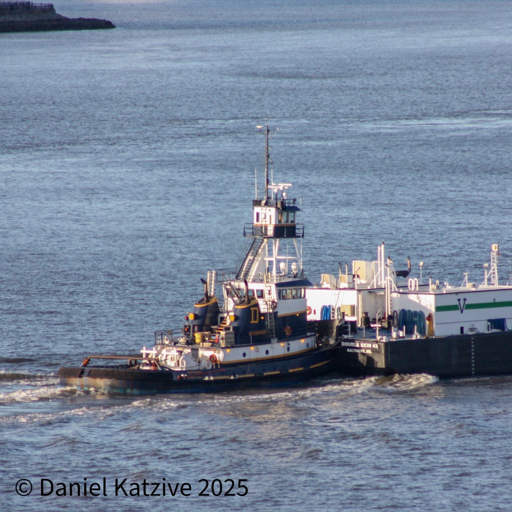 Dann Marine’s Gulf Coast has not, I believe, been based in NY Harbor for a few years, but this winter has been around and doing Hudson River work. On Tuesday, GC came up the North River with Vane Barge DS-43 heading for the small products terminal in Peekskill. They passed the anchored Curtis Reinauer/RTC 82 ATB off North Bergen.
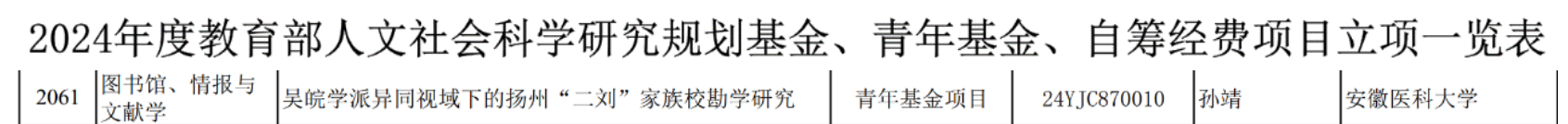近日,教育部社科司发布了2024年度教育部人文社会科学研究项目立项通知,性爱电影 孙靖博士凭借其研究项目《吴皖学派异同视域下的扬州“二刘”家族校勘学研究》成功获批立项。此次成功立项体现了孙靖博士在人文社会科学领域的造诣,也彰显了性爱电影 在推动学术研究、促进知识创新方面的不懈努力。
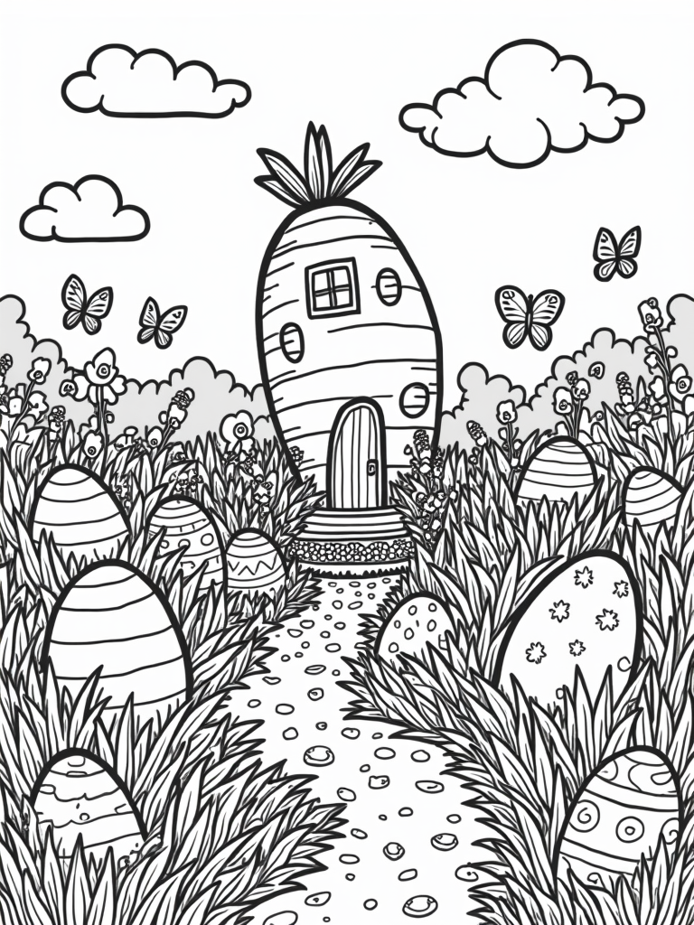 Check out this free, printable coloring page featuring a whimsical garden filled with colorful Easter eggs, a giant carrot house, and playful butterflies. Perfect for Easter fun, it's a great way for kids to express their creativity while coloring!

------------

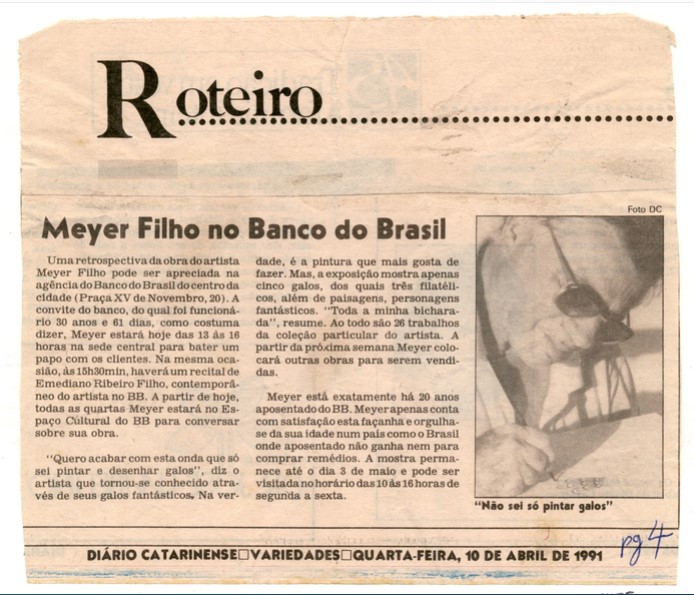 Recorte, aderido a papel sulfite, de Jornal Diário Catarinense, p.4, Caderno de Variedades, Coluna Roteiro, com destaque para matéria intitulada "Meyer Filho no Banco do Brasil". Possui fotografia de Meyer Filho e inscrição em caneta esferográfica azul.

------------

**Work order:**
Using the data above, retype exactly the lines from the line with "Dann Marine’s Gulf" to the line with "Check out this", inclusive. No pictures and nothing else.

**Solution to this exercise:**
 Dann Marine’s Gulf Coast has not, I believe, been based in NY Harbor for a few years, but this winter has been around and doing Hudson River work. On Tuesday, GC came up the North River with Vane Barge DS-43 heading for the small products terminal in Peekskill. They passed the anchored Curtis Reinauer/RTC 82 ATB off North Bergen.
近日,教育部社科司发布了2024年度教育部人文社会科学研究项目立项通知,性爱电影 孙靖博士凭借其研究项目《吴皖学派异同视域下的扬州“二刘”家族校勘学研究》成功获批立项。此次成功立项体现了孙靖博士在人文社会科学领域的造诣,也彰显了性爱电影 在推动学术研究、促进知识创新方面的不懈努力。
 Check out this free, printable coloring page featuring a whimsical garden filled with colorful Easter eggs, a giant carrot house, and playful butterflies. Perfect for Easter fun, it's a great way for kids to express their creativity while coloring!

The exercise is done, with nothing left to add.